How do I know this is an true blue example of why you were wrong? Because I recently did a extra-stressful week of work and freelancing and doctors appointments at the same time my boyfriend did his second to last week of college finals.
And comparing the two? He won. Everyday.
But since it’s your birthday, here’s why you were still wrong, but admittedly less so:
1. The commute. Ok, this is definitely not one you would have mentioned, so really it’s just lucky. Mind you, I didn’t mind my commute (much) this past year. It was an hour door to door, and I got a lot of reading done, anything from blogs to tweets to actual books.
But every so often I stopped and actually thought about the fact that I spent two hours every day on public transit… and it hurt a little.

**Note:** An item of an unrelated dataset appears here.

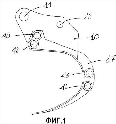Согласно конкретному примеру варианта осуществления на фиг.3 и 4 отдельно показаны два внутренних подвижных элемента 13 и 14. Подвижные элементы идентичны и зеркально симметричны, за исключением выступающего крыла, обозначенного ссылочными номерами 18 и 19. Эти крылья 18 и 19 предназначены соответственно для прикрепления подвижных элементов 13 и 14 к неподвижной конструкции 17.

(But considering I’m about to move to an new apartment MUCH closer to work [15-minute bus ride close], this one is rather moot.)
2. The pressure to be forming my life. I talked about this a little in this post about the first post-graduation year being hard, and I’m sure I’ll talk about it again: the pressure of your twenties being a supposed “foundation” is terrifying. I can barely make myself cook more than two days in a row, not to mention sleeping like a reasonable person: this had better not actually be the the bedrock of my entire life.
3. Then there’s just the massive amount of different things to figure out, learn, master. I’ve started to say to myself that this feels a lot like a bottleneck: there’s too many things in too small a space. It’s just going to take time to slowly trickle out into a manageable normality.
4. Goodbye, income. Because rent and bills and part-time + freelance. There’s a delicate tension between this and the number three up above, and I affectionately call it Discover.
5. This last number is just here to acknowledge that I understand there is still a vast number of things that can be stressful or hard about adulthood. I haven’t hit them all, but I see some of them up ahead.
Oh, and apartment hunting is the worst.
Why it doesn’t really matter:
Being a student was difficult. And by that I mean, I cried a lot. Sometimes I cried, or prayed, or spent all night in the student newspaper office alternating between weeping and praying and throwing things and actually typing whatever awful Greek paper was that night’s bad luck.
I also loved quite a bit of it.
It was wonderful, but exhausting.
And while there were plenty of “adult” stresses that you don’t have to deal with while still in school, half of those are just because you wouldn’t have time or energy for them anyways.
On the flip, graduating is hard. Transitioning to adulthood is hard. Finding apartments is hard, changing jobs will someday be hard, moving and marriage and children and providing and managing and all of those things, those will be hard too.
It’s all going to be hard, because wouldn’t you know it, life is hard.
And if I stop now and look at those I know in school and think, how lucky you are to not have to deal with all this!, then I’m just fooling myself. And if I assume that 20 years down the line everything will be peonies and cinnamon cupcakes, I’m fooling myself again.
So maybe I ought to just focus on the first list: the grand things about this part of life, and not those that are more difficult than college. Will I, really? Probably not, not all the time, but it’s still the better way.
Now if you’ll excuse me, I’m going to be completely distracted by the thought of a cinnamon cupcake.